The government's plans to set up a new Museums, Libraries and

Archives Council (MLAC) offer a 'major opportunity to promote the

development of the sector', according to a report, published yesterday.

The report - from the MLAC Design Group, set up by the culture

department earlier this year - includes recommendations that the new

body, which will come into operation from April next year, should:

- have a key strategic role as a champion and standard-setter for its

sector and the prime source of advice to government,

- seek to be inclusive, establishing links with other national bodies

such as the Heritage Lottery Fund and the New Opportunities Fund in

policy formulation,

- be a funding body and have the opportunity to operate challenge

funding initiatives across the sector.

- have UK-wide responsibilities with an international role

representing the sector abroad, and ensuring that full advantage is

taken of EU and other sources of funding.

Culture secretary Chris Smith said:

'Museums, libraries and archives together make up a national treasure

house, providing opportunities for enjoyment and learning for all.

This report is a milestone in the process of establishing the MLAC,

which will be a strong strategic body working on behalf of museums,

libraries and archives and all their users.
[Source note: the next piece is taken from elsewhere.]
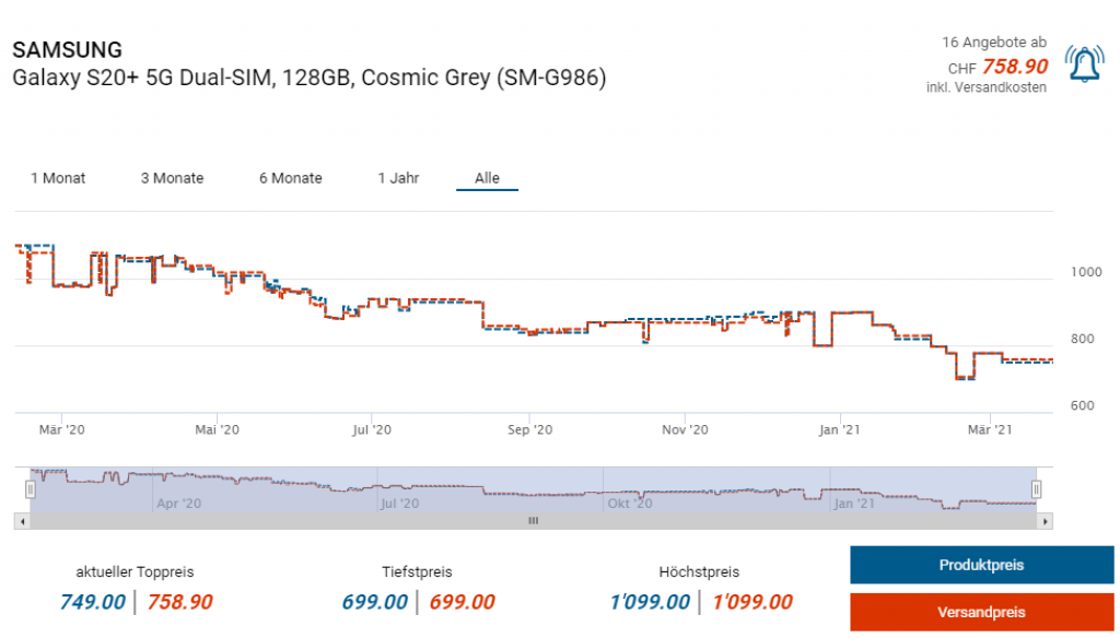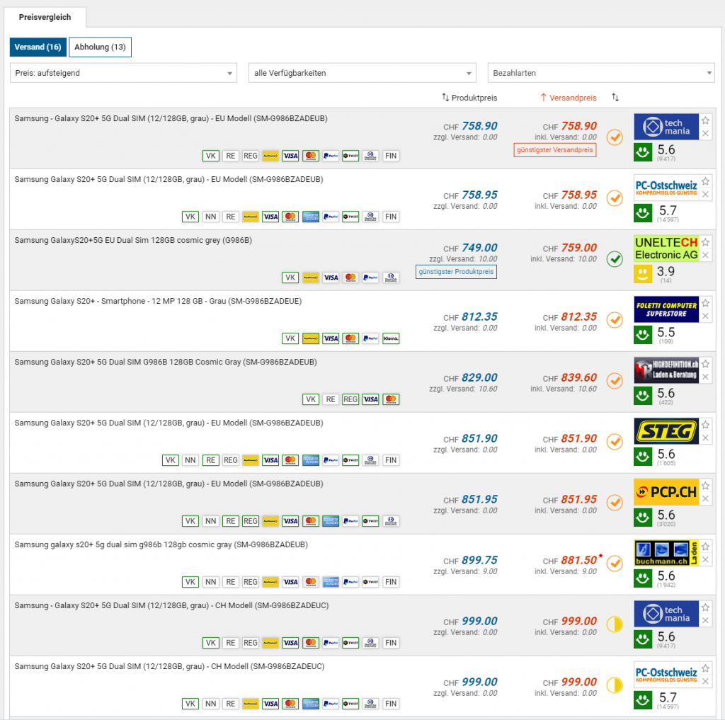 Bei amazon.es gibts derzeit das letztjährige Topmodell Samsung Galaxy S20+ 5G zum Aktionspreis von 598 Franken. Ausserdem gibts einen 100€ Gutschein, wenn ihr das Angebot per App oder Mobilbrowser wahrnehmt. Beachtet allerdings, dass noch kein Lieferdatum angegeben ist und ihr somit mit mind. 2 Wochen rechnen solltet.
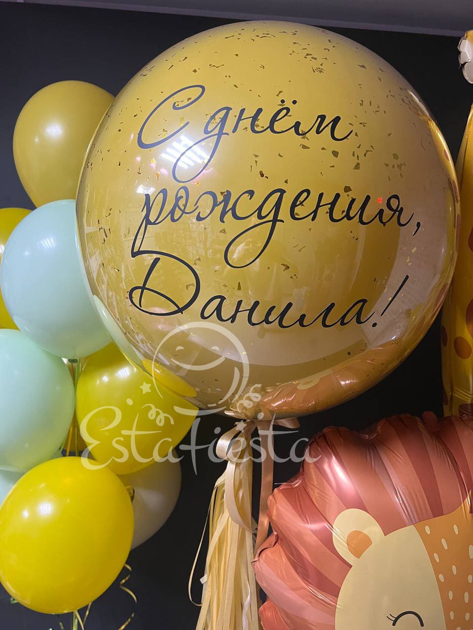 Композиция из шаров с фольгированным леопардом включает 5 гелиевых воздушных шаров, под..

The findings of the MLAC

Design Group confirm the validity of this concept. I agree with the

general thrust of the group's proposals and my department will be

working towards their realisation by April 2000.

'Detailed decisions about the role and priorities of MLAC will need

to await the appointment of a chair and other board members later

this year. We will ensure that these appointments are made as soon as

possible. There are a number of issues arising from the report

requiring discussion with the libraries, museums and archives

communities over the coming months. To start this process I have

written to the National Museum Directors' Conference to invite them

to propose ways in which the national museums and galleries, and the

British Library, can assist MLAC in its work. In the meantime my

Department would be happy to receive any views from interested

parties about the MLAC Design Group's report as we take this process

forward.'

Notes

The Museums, Libraries and Archives Council (MLAC) will receive

£19.5m from the culture department in 2000-01. It will

strive to ensure that museums, libraries and archives are known to

and widely used by all as key resources for creativity, lifelong

learning, economic development and enjoyment. It will be the main

source of advice to the secretary of state for culture, media and

sport on strategic policy within the museums, libraries and

archives sector.

Any enquiries about the report, or representations about the

issues raised within it, should be directed to

Roger Stratton-Smith of DCMS Libraries, Information & Archives

Division, room G06, 2-4 Cockspur Street, London SW1Y 5DH

(Tel: 0171 211 6175;

e-mail: roger.stratton-smith@culture.gov.uk)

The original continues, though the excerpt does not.